■ Work item
Would you copy out the following entries exactly, without any of the pictures?

[Opening Listed records section]

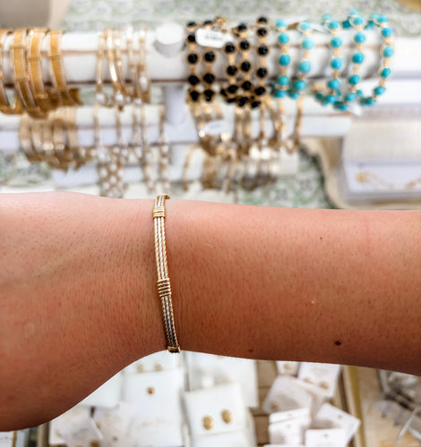 3 wire -2 gold twisted 1 middle silver twisted bracelet- Q’s Jewelry Design
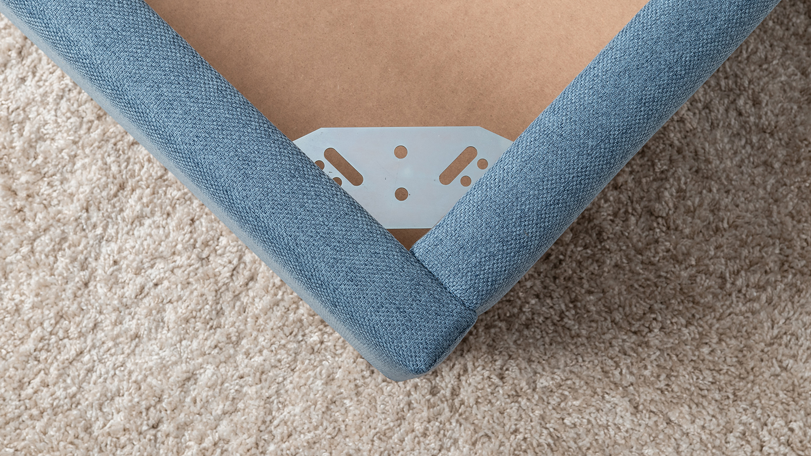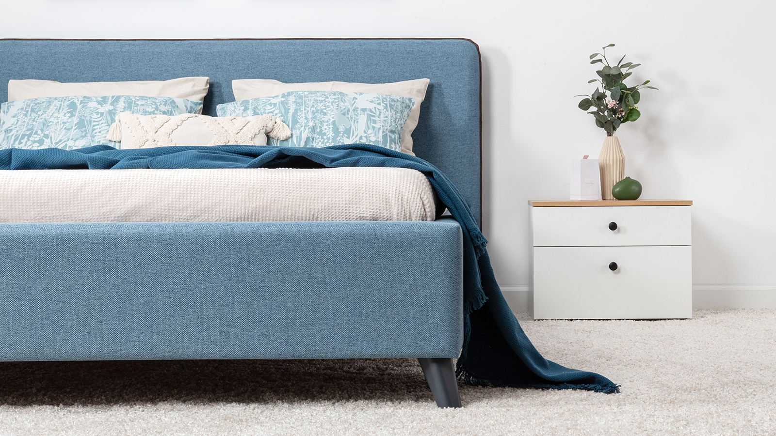 Кровать Миа 180 светло-синий, кант желтовато-коричневый с ортопедическим основанием и подъемным механизмом
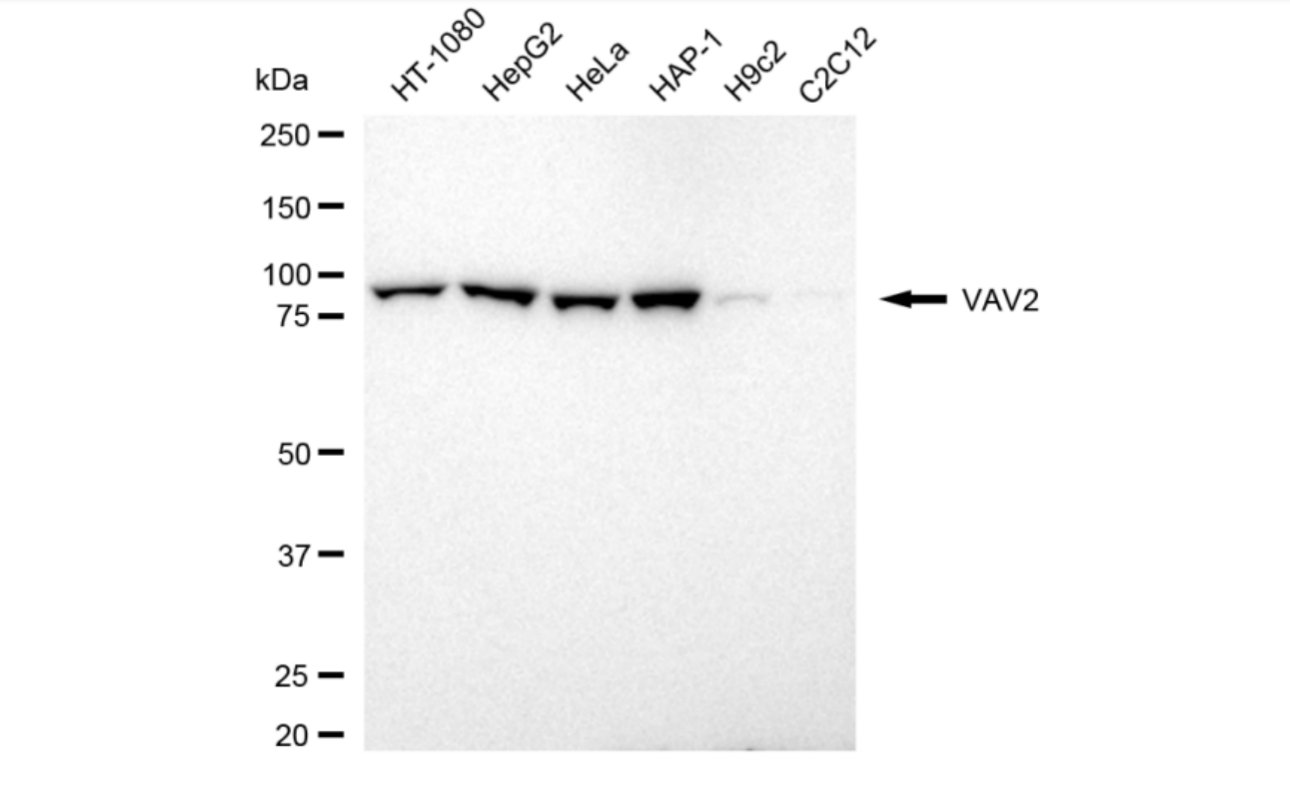 • Western blotting analysis using VAV2 antibody. Total cell lysates (30 μg) from various cell lines were loaded and separated by SDS-PAGE. The blot was incubated with VAV2 antibody and HRP-conjugated goat anti-rabbit secondary antibody respectively.
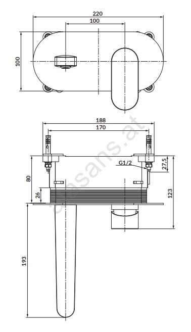 • Wandwaschbeckenarmatur für Unterputzmontage.
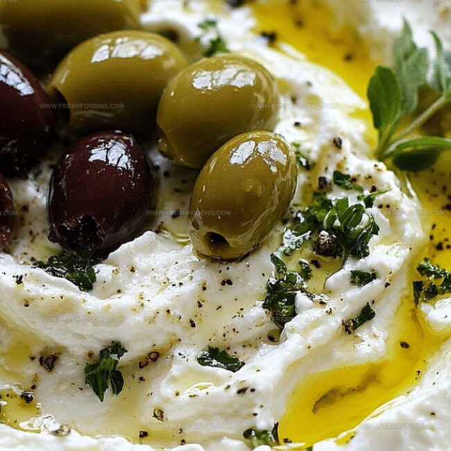 Cheese Base:Flavor Enhancers:Garnish and Topping:How To Make Whipped Feta With Tangy Olives Recipe

[Closing Listed records section]

■ Solution for this exercise
 3 wire -2 gold twisted 1 middle silver twisted bracelet- Q’s Jewelry Design
 Кровать Миа 180 светло-синий, кант желтовато-коричневый с ортопедическим основанием и подъемным механизмом
 • Western blotting analysis using VAV2 antibody. Total cell lysates (30 μg) from various cell lines were loaded and separated by SDS-PAGE. The blot was incubated with VAV2 antibody and HRP-conjugated goat anti-rabbit secondary antibody respectively.
 • Wandwaschbeckenarmatur für Unterputzmontage.
 Cheese Base:Flavor Enhancers:Garnish and Topping:How To Make Whipped Feta With Tangy Olives Recipe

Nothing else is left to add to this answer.